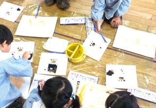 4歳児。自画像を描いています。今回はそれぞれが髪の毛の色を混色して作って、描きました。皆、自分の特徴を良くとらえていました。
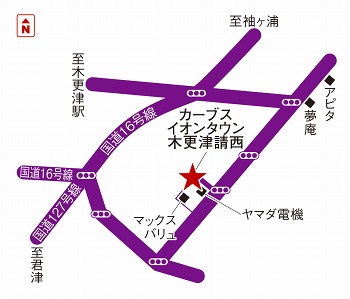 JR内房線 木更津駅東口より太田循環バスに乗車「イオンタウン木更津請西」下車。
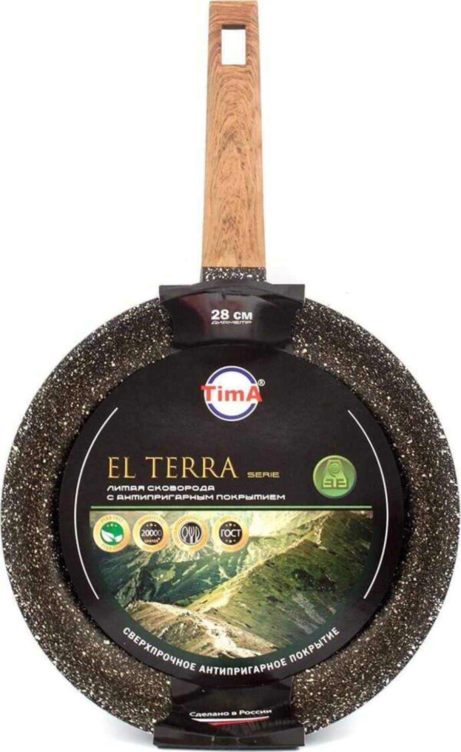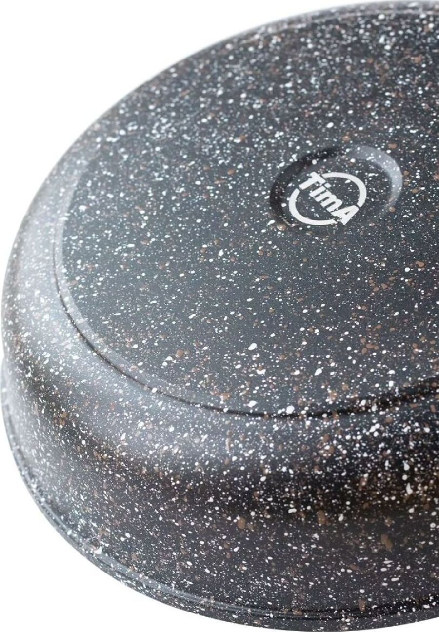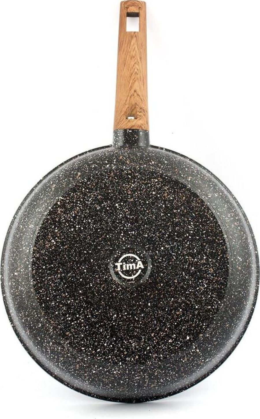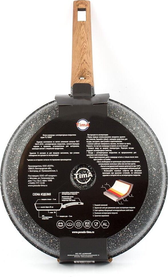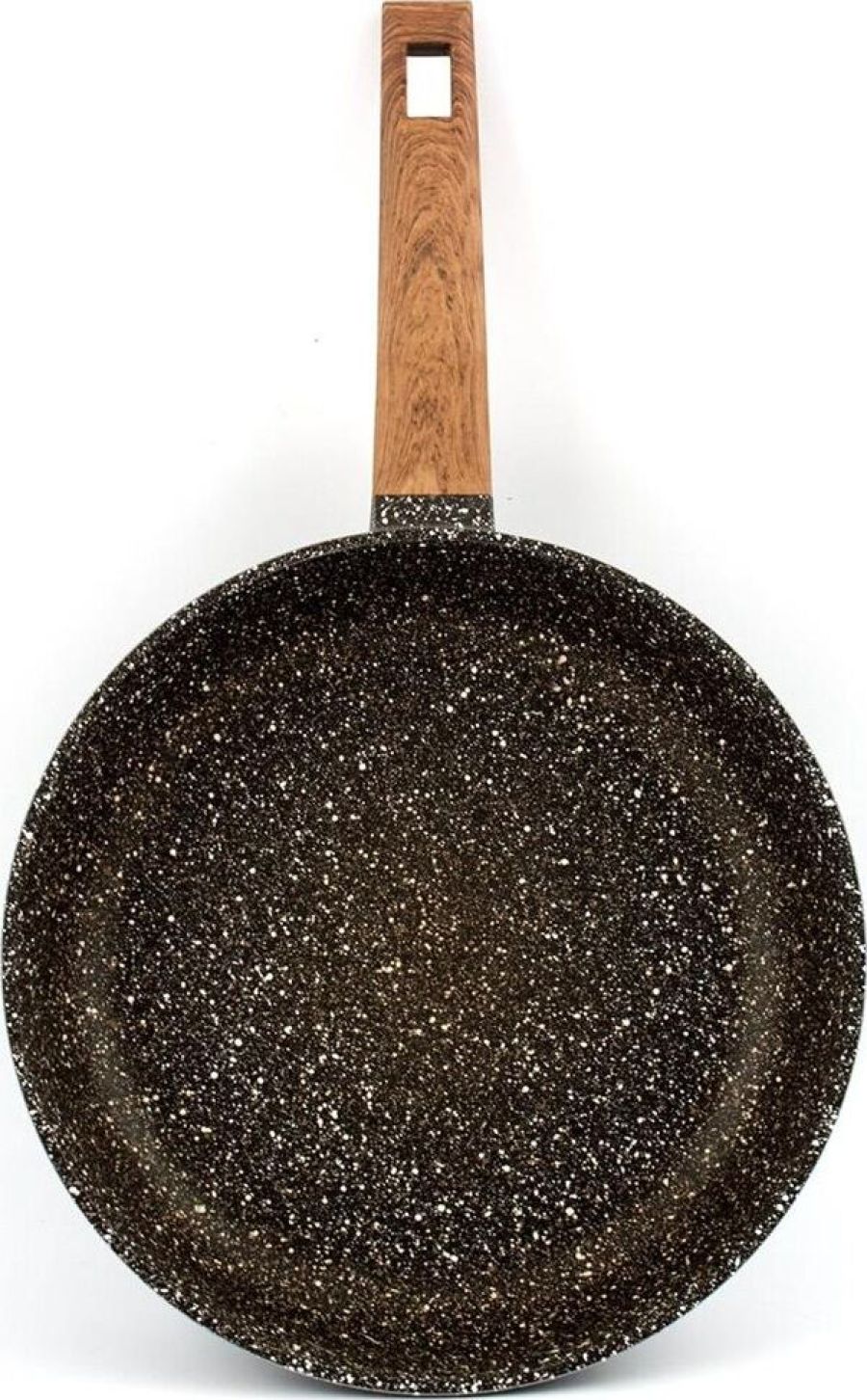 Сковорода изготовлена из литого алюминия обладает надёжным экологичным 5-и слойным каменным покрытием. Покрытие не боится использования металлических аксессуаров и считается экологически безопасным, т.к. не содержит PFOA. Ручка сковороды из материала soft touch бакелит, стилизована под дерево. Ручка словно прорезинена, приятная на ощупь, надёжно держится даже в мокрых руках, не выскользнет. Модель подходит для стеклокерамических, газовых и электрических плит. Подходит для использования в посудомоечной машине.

...

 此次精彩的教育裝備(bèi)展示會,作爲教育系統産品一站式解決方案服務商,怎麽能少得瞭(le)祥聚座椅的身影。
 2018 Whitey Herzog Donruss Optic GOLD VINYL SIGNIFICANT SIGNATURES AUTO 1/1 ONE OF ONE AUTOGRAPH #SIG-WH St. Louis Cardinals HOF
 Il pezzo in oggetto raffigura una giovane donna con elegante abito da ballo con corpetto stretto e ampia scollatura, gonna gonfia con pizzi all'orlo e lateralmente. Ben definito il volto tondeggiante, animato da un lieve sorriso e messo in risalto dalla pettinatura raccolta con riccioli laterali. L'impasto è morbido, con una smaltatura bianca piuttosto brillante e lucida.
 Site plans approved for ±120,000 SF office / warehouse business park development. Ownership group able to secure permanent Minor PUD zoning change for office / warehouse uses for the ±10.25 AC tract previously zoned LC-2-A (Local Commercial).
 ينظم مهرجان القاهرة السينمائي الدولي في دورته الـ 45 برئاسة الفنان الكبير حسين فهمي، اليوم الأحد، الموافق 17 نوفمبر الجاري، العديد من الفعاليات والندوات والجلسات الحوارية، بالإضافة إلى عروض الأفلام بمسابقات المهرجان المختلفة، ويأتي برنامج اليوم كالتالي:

◆ **Exercise directions**
Would you copy out, exactly and with no pictures, only the lines above from the one that contains "4歳児。自画像を描いています" through the one that contains "Сковорода изготовлена из"?

◆ **Solution to the exercise**
 4歳児。自画像を描いています。今回はそれぞれが髪の毛の色を混色して作って、描きました。皆、自分の特徴を良くとらえていました。
 JR内房線 木更津駅東口より太田循環バスに乗車「イオンタウン木更津請西」下車。
 Сковорода изготовлена из литого алюминия обладает надёжным экологичным 5-и слойным каменным покрытием. Покрытие не боится использования металлических аксессуаров и считается экологически безопасным, т.к. не содержит PFOA. Ручка сковороды из материала soft touch бакелит, стилизована под дерево. Ручка словно прорезинена, приятная на ощупь, надёжно держится даже в мокрых руках, не выскользнет. Модель подходит для стеклокерамических, газовых и электрических плит. Подходит для использования в посудомоечной машине.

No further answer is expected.